LISTED RECORDS START

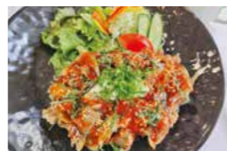
大正ロマン館(カフェレストランマルコッテ) ⑪ 国産牛と丹波篠山産霧芋(山の芋)の牛とろろライスプレート 【価格】1,600円 *仕入れ価格高騰により期間途中での値上げの可能性あり 【所】丹波篠山市北新町97 【時】10:00～17:00(お食事は11:00～16:00) 【休】火曜日(その他臨時休館有り) 【問】079-552-6668
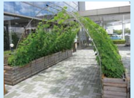
今年も「緑のトンネル」が登場！ゴーヤやへちまを植えました。
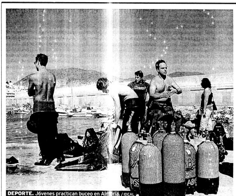
DEPORTE. Jóvenes practican buceo en Almería.
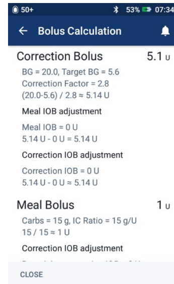
Afbeelding 8: Berekeningen weergeven incorrecte bolus hoeveelheid gebaseerd op een oude BG meting

Opmerking: de bovenstaande afbeeldingen zijn alleen ter illustratie. De werkelijke waarden variëren op basis van gebruikersinvoer.
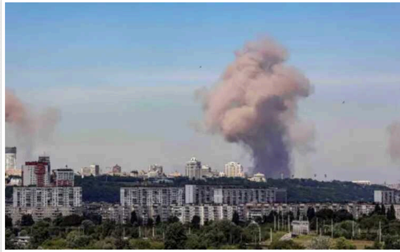
У ракеті, якою РФ вдарила по "Охматдиту", була американська мікросхема, - NYT

Крилата ракета дальнього радіуса дії X-101, якою Росія атакувала дитячу лікарню "Охматдит" в Києві, була оснащена мікросхемою з США. Йдеться про польову програмовану матрицю воріт Field Programmable Gate Array.
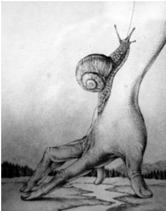
Christian Mischke: „Istanbul – Frau“ (Farbradierung mit Strichätzung, 1974/75) ■

Christian Mischke: „Das Incognito“ (Radierung mit Strichätzung, 1991), aus dem Zyklus „Zu Eichen
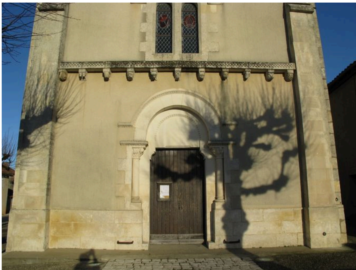
Façade, détail du portail et de la corniche à modillons du 19e siècle.
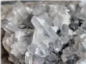
کوارتز (SiO 2 )
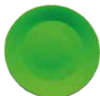
Plato ecológico 18 cm Green Cups® Verde

Código: CRM130GCVD Diámetro: 10 cm Altura: 5,5 cm Peso: 31 g
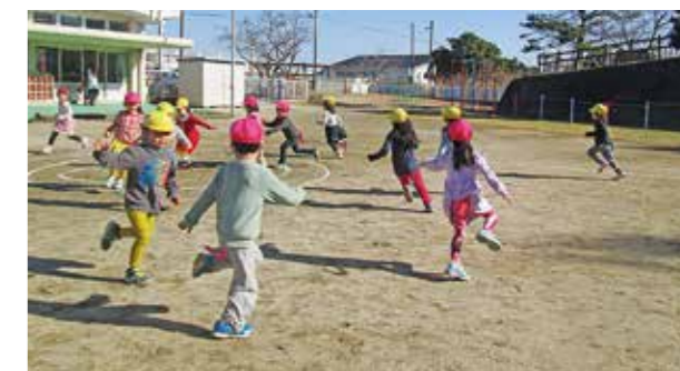
←みんなで遊ぶと楽しいね

1月10日、第3学期がスタートし、久しぶりに再会した友だちと園庭で元気に遊びました。子どもたちの歓声があがり園内に活気が戻ってきました。
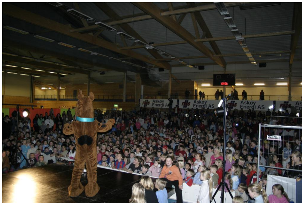
Familedag i Forum.

** bl.a. reklame, automatinntekter, driftsoppdrag, finans og ekstraordinære tilbakeføringer
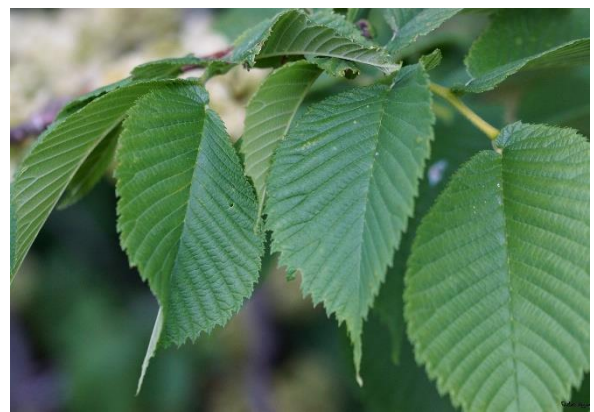
Alm, Ulmus glabra (NT)
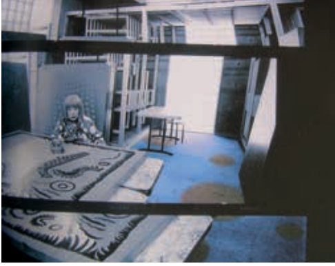
Resim8: Y. KUSAMA, "Atölye", 2011
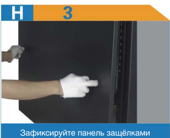
Зафиксируйте панель защёлками
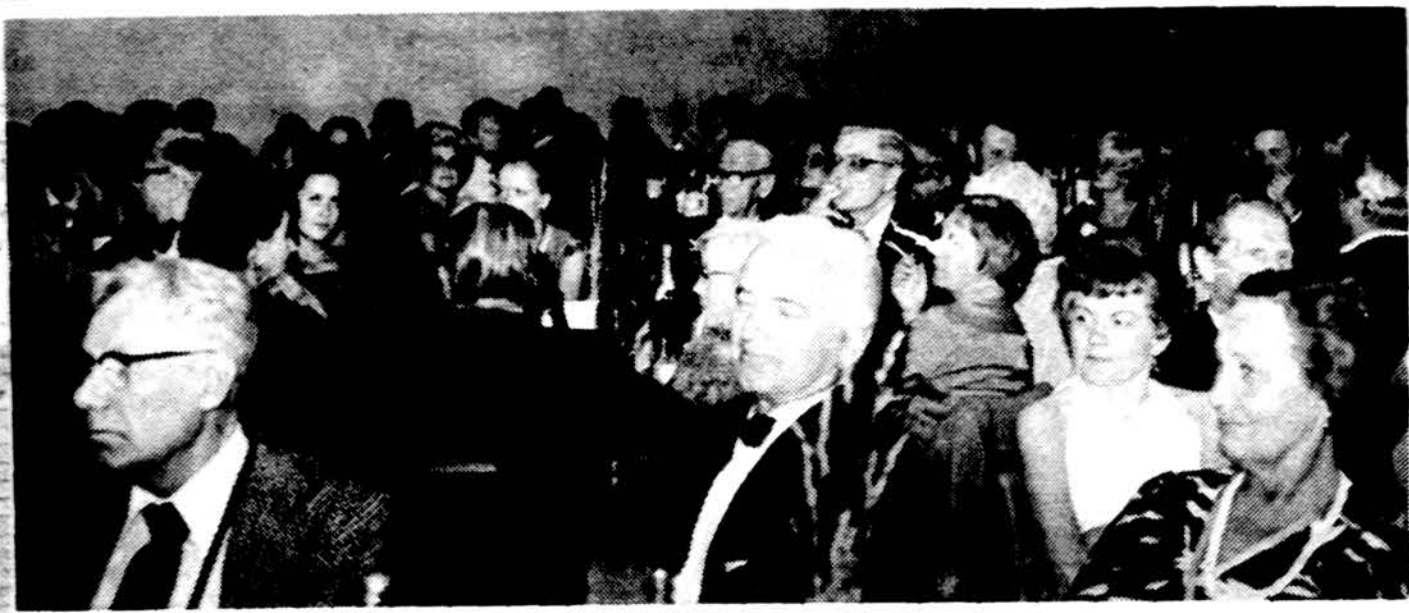
Dalis svečių Clevelando Tėvynės Garsų 30 m. sukakties minėjime Lietuvių salėje.

LISTED RECORDS END

**TASK DIRECTIONS**
Copy out all the entries exactly. Images stay out of the copy.

**RESULT FOR THIS TASK**
大正ロマン館(カフェレストランマルコッテ) ⑪ 国産牛と丹波篠山産霧芋(山の芋)の牛とろろライスプレート 【価格】1,600円 *仕入れ価格高騰により期間途中での値上げの可能性あり 【所】丹波篠山市北新町97 【時】10:00～17:00(お食事は11:00～16:00) 【休】火曜日(その他臨時休館有り) 【問】079-552-6668
今年も「緑のトンネル」が登場！ゴーヤやへちまを植えました。
DEPORTE. Jóvenes practican buceo en Almería.
Afbeelding 8: Berekeningen weergeven incorrecte bolus hoeveelheid gebaseerd op een oude BG meting

Opmerking: de bovenstaande afbeeldingen zijn alleen ter illustratie. De werkelijke waarden variëren op basis van gebruikersinvoer.
У ракеті, якою РФ вдарила по "Охматдиту", була американська мікросхема, - NYT

Крилата ракета дальнього радіуса дії X-101, якою Росія атакувала дитячу лікарню "Охматдит" в Києві, була оснащена мікросхемою з США. Йдеться про польову програмовану матрицю воріт Field Programmable Gate Array.
Christian Mischke: „Istanbul – Frau“ (Farbradierung mit Strichätzung, 1974/75) ■

Christian Mischke: „Das Incognito“ (Radierung mit Strichätzung, 1991), aus dem Zyklus „Zu Eichen
Façade, détail du portail et de la corniche à modillons du 19e siècle.
کوارتز (SiO 2 )
Plato ecológico 18 cm Green Cups® Verde

Código: CRM130GCVD Diámetro: 10 cm Altura: 5,5 cm Peso: 31 g
←みんなで遊ぶと楽しいね

1月10日、第3学期がスタートし、久しぶりに再会した友だちと園庭で元気に遊びました。子どもたちの歓声があがり園内に活気が戻ってきました。
Familedag i Forum.

** bl.a. reklame, automatinntekter, driftsoppdrag, finans og ekstraordinære tilbakeføringer
Alm, Ulmus glabra (NT)
Resim8: Y. KUSAMA, "Atölye", 2011
Зафиксируйте панель защёлками
Dalis svečių Clevelando Tėvynės Garsų 30 m. sukakties minėjime Lietuvių salėje.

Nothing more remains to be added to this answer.